Some didn’t like her during their early days at Lompoc High, she said, and others were simply quiet or standoffish around adults. She said that all changed as they progressed through the program, and she described how several of them call and/or text her or each other now whenever they need someone.
Guadarrama said he was one of those students who didn’t like to talk to others. He noted that he would often avoid asking for help when he needed it, in part because he felt like it made him seem weak or reliant on others.
“Now I ask my teachers and other people for help when I need to,” he said.
In addition to Guadarrama, the graduating class included Osvaldo Garcia Mendez, Daniel Inocencio Mendez, Freddy Ochoa, Star Pacheco, Julio Preciado and twin sisters Veronica and Victoria Dominguez.

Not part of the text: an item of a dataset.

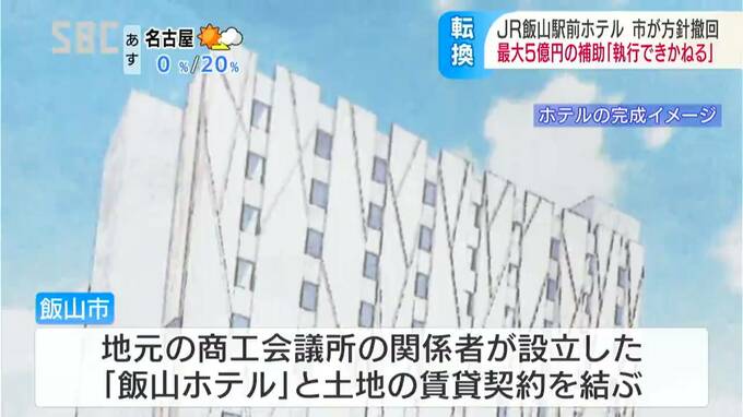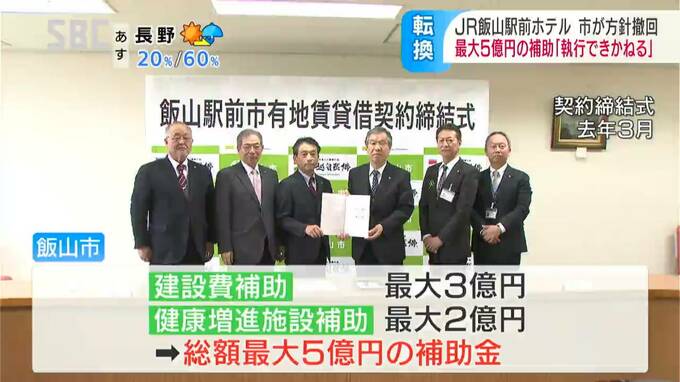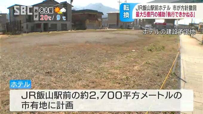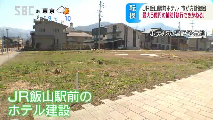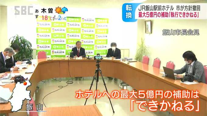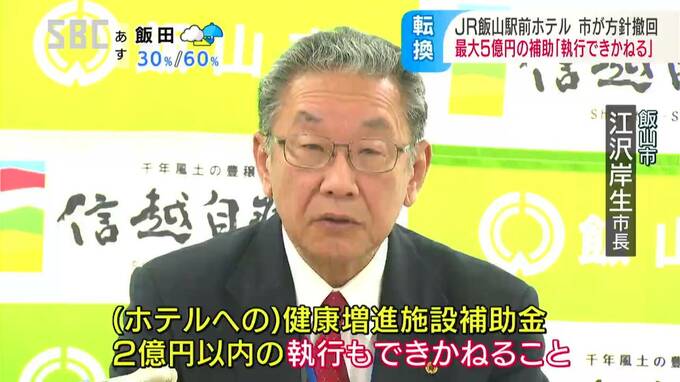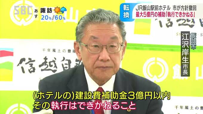 JR飯山駅前に計画されているホテルの建設について、江沢岸生(えざわ・きしお)市長は17日、市が予定していた最大5億円の補助金を支出しない方針を示しました。

Guadarrama said he knew of the other students in the program mostly from just seeing them around school. After going through El Joven Noble together, though, he said they now share a strong bond.
“After this, we became a family,” he said. “Like, if someone was in trouble, we’d all be there with them. Or if someone needed help, we’d all pick them up. We stick together pretty much.”
Venegas said she was thrilled with how involved the students became in the new program.
The goal at the start was to hold the graduation ceremony at the end of January. Due to time constraints, they were behind schedule with their after-school sessions, so they ended up holding three meetings on Saturdays.
“The first thing we thought was they would not come,” Venegas said of the students. “But they did.”
The school lost the final week of its fall semester after Lompoc Unified School District officials decided to cancel classes due to poor air quality brought on by the Thomas fire, which was still burning strong in Ventura County in early December. When school resumed this month, Venegas said the first thing she was asked by the students was how they’d make up the time they missed together.
“They were ready to come on another Saturday and we told them no,” she said.
Wednesday’s ceremony wasn’t just for the students to receive certificates, but was actually the final session of the program.
The students had each made an Ojo de Dios, a craft in which a wooden cross is adorned with yarn. The name translates to “God’s Eye” and they are traditionally placed on baby cribs by some cultures so that God can look over and protect the baby.
The students each presented their creations to the person or people who they felt like provided protection for them as they grew up. Most of them chose to give it to a parent or sibling.
Following that, the students passed through a group of parents who formed a metaphorical bridge as they accepted their certificates of completion.
Before concluding, Lompoc High Principal Paul Bommersbach thanked Venegas and Jimenez for their work.
“They did not have to go through this program; they did not have to get trained,” he said, noting that the educators went “above and beyond” for their students.
Bommersbach said he’d like to have the program continue at the school.
Guadarrama said he’s already tried to recruit some of his classmates to give it a chance. When asked if he felt like he and the other participants in the inaugural offering would remain close, he said, “Hopefully.”
“It was a fun experience,” he said. “We’re a big family now. We all got connected.”